And we're right (see the above). They did see more blocked shots. The model predicts Arsenal should have had 145.2 shots blocked whereas in actual game play they had 164, a difference of just under 19 (column names should be self-explanatory; 'Pred' is short for 'Predicted', 'pct' for 'percent', and 'Diff' for 'Difference'). That might be worth as many as 4 points on the table4. That's probably not enough of a difference to explain why the models were so wrong for so long. The other, more likely answer is that 38 games is just big enough for us to think our models are useful, but small enough for the massive amounts of deviance to remind us otherwise5. The other impetus for this piece was a tweet by James Yorke, which itself is actually just shot a map from Paul Riley.

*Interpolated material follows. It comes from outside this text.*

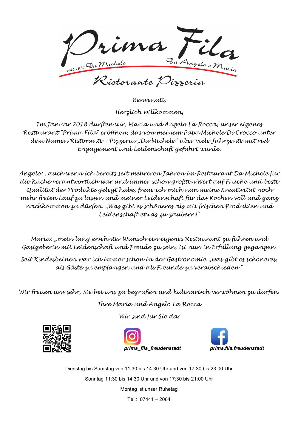 im Januar 2018 durften wir, Maria und Angelo La Rocca, unser eigenes Restaurant "Prima Fila" eröffnen.

— James Yorke (@jair1970) March 7, 2016
Look at that Eriksen map. All those shots on target from outside the box. That's insane, right? Well, it turns out Riley only uses shots on target, so that's all he's plotting. Assuming they take enough shots, anyone could look like they are lethal from distance. D'oh. Still, my kneejerk idiocy doesn't change the question: How often should shots from distance end up on target? 'Bad' shots should have a lower probability of ending up on target (if you don't believe that, watch Philippe Coutinho for, oh, at least a half or, better yet, rewatch England play Iceland). If a player takes lots of those shots, he'll end up with fewer on target than someone who takes the same number while parked inside the six. That Eriksen plot might still be ridiculous, depending on how many shots he has taken. And, by summing on individual players instead of teams, we can use the same model from above to examine just that. Turns out, it was pretty ridiculous. By the model, Eriksen should have put 27.77 of his 100 shots on target last season. He put 41 on target. As a percentage of total shots, he was second in the league only to Yannick Bolasie. The more important question is: Is that repeatable? To answer that, we sum over multiple seasons, then plot one season on the x-axis, and the subsequent season on the y-axis and we get the quasi-amorphous blob of a chart below6. The x-axis is the percentage of excess (or deficit) shots on target relative to the total for any given player. The y-axis is the same number in the following season. The colors are for the three different paired seasons (12-13 to 13-14 (red), 13-14 to 14-15 (blue), and 14-15 to 15-16 (green)).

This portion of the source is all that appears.